Before getting the hands dirty with the details of this strategy it is better to know about a feature called broadcasting that Spark provides. Broadcasting allows us to broadcast variables or objects(even dataframes) to each executor. For simplicity, we assume only two tables are involved. The tables can be considered the extremes in terms of size. When one of the tables is small enough to fit into the memory of a worker, of course with some memory left free, Spark will broadcast the smaller table to the executors. In simple words, Spark replicates our small dataframe entirely on every worker node in the cluster. Spark performs broadcast once at the beginning, and then lets each individual worker node perform the work without having to wait or communicate with any other worker node. This means that at the beginning, there will be a large communication. But after this initial communication, every executor is allowed to work on its own. When this is the case, the CPU becomes the biggest bottleneck. This join strategy is considered to be the fastest and easiest join strategy that spark offers, when shuffling is the main consideration. In this Join strategy, there is shuffling of data. One should not confuse broadcasting and shuffling. Both are different operations.


The larger table in the join, which we consider to be way larger when compared to the smaller table, is spread across the executors. Since a copy of the smaller table is present inside every executor, we need no relocation of data. Both of the tables can be easily joined. By default Spark will use broadcast join if the smaller data set is less than 10MB, this threshold is configurable using the Spark Config spark.sql.autoBroadcastJoinThreshold. When the value of the flag is set to -1, this join strategy will not be considered for any join in the current SparkSession. We have the responsibility to tune it depending on how much memory is available on each executor and in the driver. If we try to broadcast something too large, this can crash our entire job.


We can explicitly give the optimizer a hint that we would like to use a broadcast join by using the broadcast() function around the small dataframe when defining the join. The following example illustrates this, and the physical plan printed confirms that the join strategy chosen here is Broadcast Hash Join.


from pyspark.sql.functions import broadcast

df_teachers.join(broadcast(df_sections),

df_teachers.Teacher_ID == df_sections.Class_Teacher_ID, 'inner').explain()



We are allowed to do similar hints in the case of SparkSQL as well, but in that case the optimizer can choose to ignore them.

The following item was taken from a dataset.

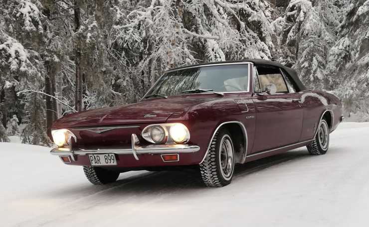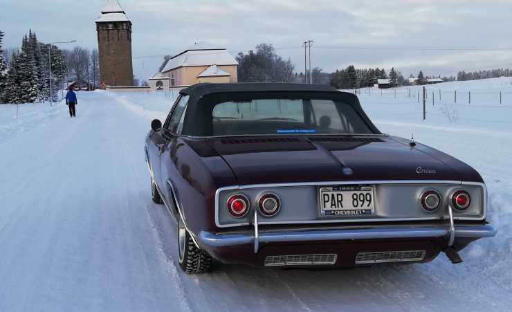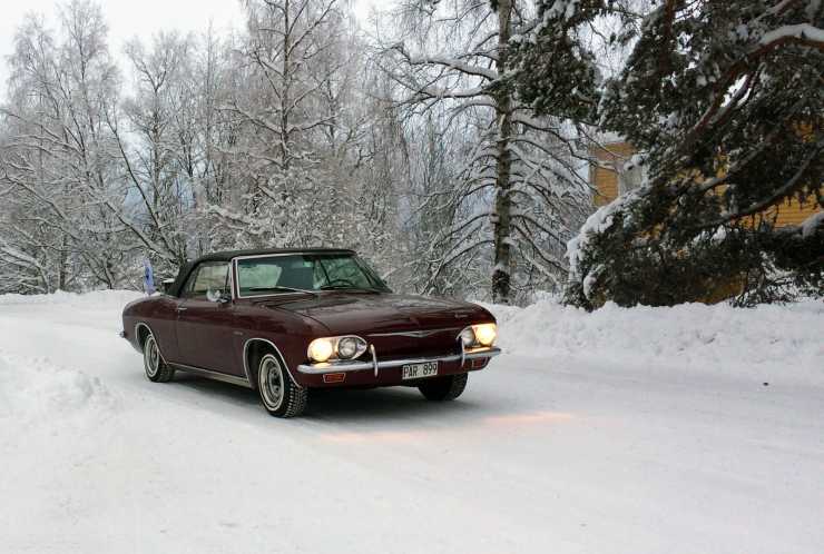 Arne Nilsson i Brunflo kör sin Chevrolet Corvair Corsa även på vintern. Att den har svansmotor och turbo är inget som stoppar honom.

So the hints are not enforced, as in the case of dataframe API. The hints in SparkSQL are supposed be provided in the following format /*+ hint [ , ... ] */. The hints for broadcast join can be one of the following: MAPJOIN, BROADCAST, and BROADCASTJOIN. Each of these hints should be followed with (table), which should be broadcasted. The following example uses the hint, MAPJOIN. The physical plan of the resulting dataframe is printed and it is evident that the hint that we provided has been ignored when creating the physical plan.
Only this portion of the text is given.